Assembly of normally soluble proteins into ordered aggregates, known as amyloid fibrils, is a cause or associated symptom of numerous human disorders, including Alzheimer's and the prion diseases. The fibrils found in Alzheimer's disease are primarily composed of the 39-43 amino acid peptide, beta-amyloid. Recent experimental studies have offered tantalizing clues regarding the fibril structure adopted by beta-amyloid, but our understanding of its assembly is still far from complete. The long term goal of our work is to determine the underlying physical forces responsible for the misfolding and aggregation of proteins. Our objective is to extend the intermediate-resolution protein model, PRIME (Protein Intermediate Resolution Model) that we have already developed for polyalanine to the description of beta-amyloid. PRIME is well suited for modeling protein aggregation because it provides a faithful representation of protein geometry while also capturing the essential features of the forces responsible for protein folding, hydrogen bonding and hydrophobicity.

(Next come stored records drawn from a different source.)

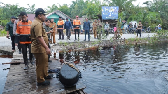 Wakil Bupati Siak H Husni Merza BBA MM tinjau banjir di Kecamatan Sabak Auh.
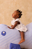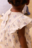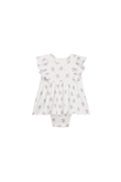 Lena romper in ribbed jersey with all-over floral print and ruffle sleeves. Designed like a small dress from the front, with a fitted body underneath for a secure fit. Finished with gentle gathers at the waist and snap buttons at the crotch for quick changes. Easy on its own in warm weather, or layered with leggings and a cardigan. Curated by CO LABEL for the soft rib feel and the ruffle detail that sits neatly under layers.
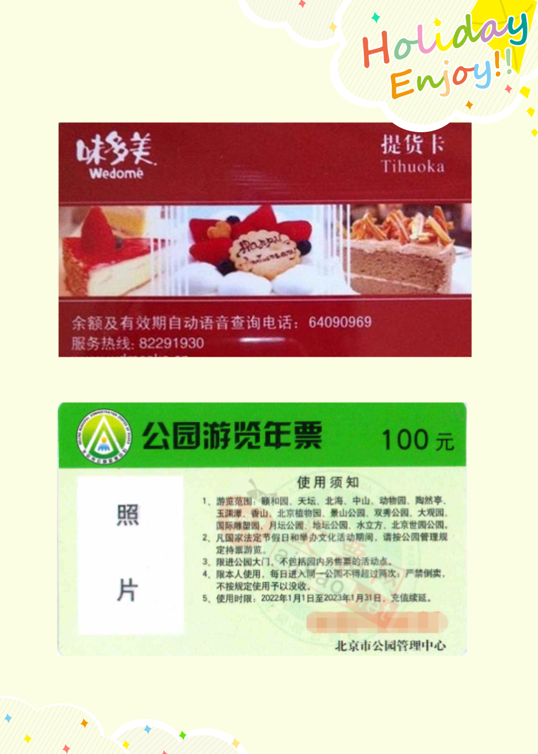 2019年疫情来临之前,拼搏手机版登录入口工会每年都会为本院在职和离退休教职员工及家属组织春秋游活动,已经举办了十余年,深受老师们的好评。在舒适悠闲的郊区野外,外院大家庭相聚一起,轻松愉悦地交流感情,其乐融融,格外温馨。自疫情以来,我院工会坚决执行“少外出、不聚集”的防疫号召,最大限度地保护全院教职员工的健康和安全。学院工会连续两年将往年用于组织教职工春秋游的经费灵活处理,为老师们提供北京市公园游览年票或味多美生日蛋糕卡二选一的福利方案。以上两种福利金额大致相当,为100—103元人民币。北京市公园年票适用于含颐和园、天坛公园和北京世园公园等在内的共17家市属公园。喜欢游览公园的老师只需提交一张一寸照片或将往年的公园年票交给学院工会福利委员潘桂英老师即可,由潘老师前往公园为老师们统一办理后发放给大家。生日蛋糕卡一般则是为老师们办理门店较多、便于购买的味多美蛋糕卡。

We are using a two-pronged approach in the modeling of beta-amyloid. One model attempts to capture the basic physical features of beta-amyloid using a simple single-sphere side chain representation and an “HP” model description of the energetics of each side chain. The second model characterizes specific side chain interactions essential to the aggregation of beta-amyloid using either a one-or-two-sphere side chain representation and an “HP” + electrostatic interaction description of the energetics of each side chain. We explore how variations in the temperature, concentration, hydrophobic strength, and quench rate affect the formation and structure of beta-amyloid. Movies will be shown of the aggregation process.